The Candy Store on the Corner Sweet Variations Makes People Smile



Tucked away in Downtown Fenton’s historic Dibbleville is a hidden gem: an old-fashioned candy store that takes you back to another time – a time when shop shelves were lined with glass apothecary jars filled with confections of every imaginable kind – a time when chocolatiers could be seen tending to churning wheels of chocolate and hand-shaping chocolate bunnies. At Sweet Variations, visitors walk through the door and are met by the mouthwatering aroma of Butter Crunch Toffee wafting through the air. For 32 years, the store has occupied a quaint building constructed in 1837 on the corner of Leroy St. and Shiawassee Ave. Shop-owner and longtime Fenton resident Carol Schuler claims that when she bought the store, she knew nothing about chocolate, so she hired a woman to make chocolate bunnies at Easter time. Afterward, Carol decided that she wanted learn to make chocolate candy herself. Today, loyal patrons have told Carol that her chocolates are “better than Godiva.”

And boy, did she ever learn to make delicious chocolate treats of every shape, size and color, using the finest ingredients in a process she describes as “part art and part science.” The science involves getting the chocolate to the perfect temperature and consistency. There are two chocolate wheels that churn rich, silky “waterfalls” of milk and dark chocolate. “Shaping, molding and creating the centers is the art,” she laughed. Carol has two assistants who work with her in the kitchen at the back of the store. Penny Sabatine oversees one of the chocolate wheels, paints the molds with chocolate and makes candies. Another worker, known as “The Bunny Dresser,” decorates the bunnies and Easter eggs, then individually bags and prices each piece. Upon entering the store, customers can watch the chocolatiers at work through a window into the kitchen.

SweetVarSIDEEaster season is, of course, the busiest time of year at Sweet Variations. The talented chocolatiers will hand-make 3,000 Easter bunnies, ducks, chicks and cream-filled eggs. The multi-step process is tedious, and includes tempering the chocolate, painting the molds with the chocolate, adding the filling (coconut crème, peanut butter, caramel and cherry almond), clipping the molds together, and then cooling them in the ice box. Once cool, the candies are removed from the mold, hand-trimmed and decorated. Voila! The solid chocolate bunnies, crème-filled eggs and assorted fine candies are ready to be put out on the shelves. No task is too big or too small at Sweet Variations. A few years ago, they filled a custom order for a 27-pound chocolate bunny. “We don’t fool around,” Carol chuckled, adding that the bunny, decked out as a race car driver, was an Easter gift for a 16-year-old, who hopefully didn’t finish that treat until he was 17. Another customer once asked Carol to create a candy made of white chocolate, coconut and almonds for her boyfriend; Carol liked it so much that she named it the Iceberg and it has since become a popular item.

A glass case displays a tempting variety of the handmade chocolates. “Cherry Cordials are one of our best sellers,” says Carol.
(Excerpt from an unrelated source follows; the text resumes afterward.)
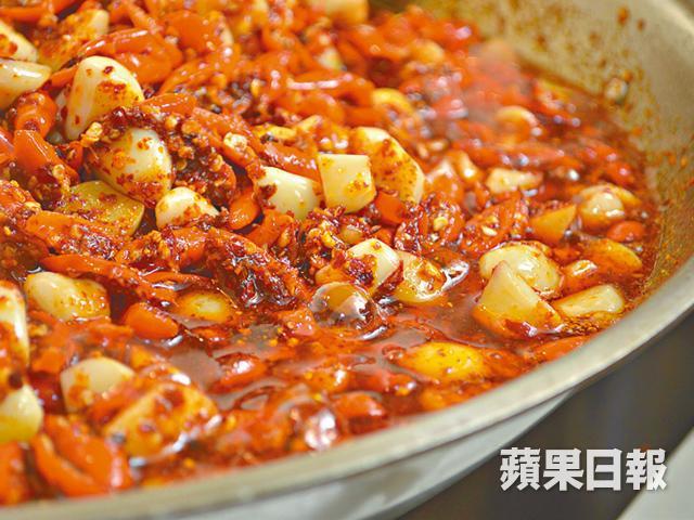 不只材料,炒製過程亦非常麻煩,每次炒醬她都如臨大敵。Karen:「我只會在餐廳休息日才炒,因為一室都是辣味!炒的時候我還會做好安全措施,要戴口罩、眼罩,連耳塞都戴上,不然那陣辣氣攻入耳孔怪不舒服的!」炒的工夫不多,講究的是心機,必須用慢火,油溫不可太高,否則辣椒一下油便熟了便炸不出香氣來,下料以後還要炒炒炒炒炒,一刻不能停,不然辣椒一黏底焦了,便有苦味,一整鍋辣醬便全部要不得,前功盡費了。這樣的心機,每樽麻辣口水汁才賣四十六元,我說不貴,Karen:「反正餐廳也會用到,多做一點賣給人而已。」

Another local favorite is the Tiger Paw, named for Fenton High School’s sports mascot. The Lorenzo, which is named after a former Sweet Variations employee, is decadent butternut nougat surrounded by a rich layer of raspberry sauce and covered in chocolate. The shop’s shelves hold chocolate golf balls and toads, as well as some more unusual offerings such as chocolate-covered orange peels and chocolate “Buddha Hands,” which are made using an oriental fruit.

But chocolate isn’t the only candy to be found at Sweet Variations. Every corner, nook and cranny of the shop is packed with jar after jar of gummy bears, Jelly Bellies, malt eggs, licorice, hard candies in every color, M&Ms and candied fruit slices, to name just a few. In addition, Sweet Variations’ patrons find a variety of unusual, eclectic and humorous gift items.

As a self-taught chocolatier, Carol attends conferences and cooking classes to continue honing her skill at producing the best quality chocolates. Not a day goes by that a customer doesn’t walk in and exclaim, “I used to come here when I was a kid and it’s still here!” Carol says it’s the nostalgia that brings people back and adds that now, she’s happy to see a new generation of kids coming in to experience the same joys of older generations. People often come to Sweet Variations seeking a sweet ending after a fine meal at one of the nearby restaurants. “A bride and groom even came in one day to have their picture taken in front of the candy counter,” Carol laughed. Most come looking for one piece of candy – just one bite of rich and decadent chocolate! And for Carol, that is what makes all the hard work worthwhile – her happy customers. “Chocolate makes people smile,” she said. “They are always happy here.”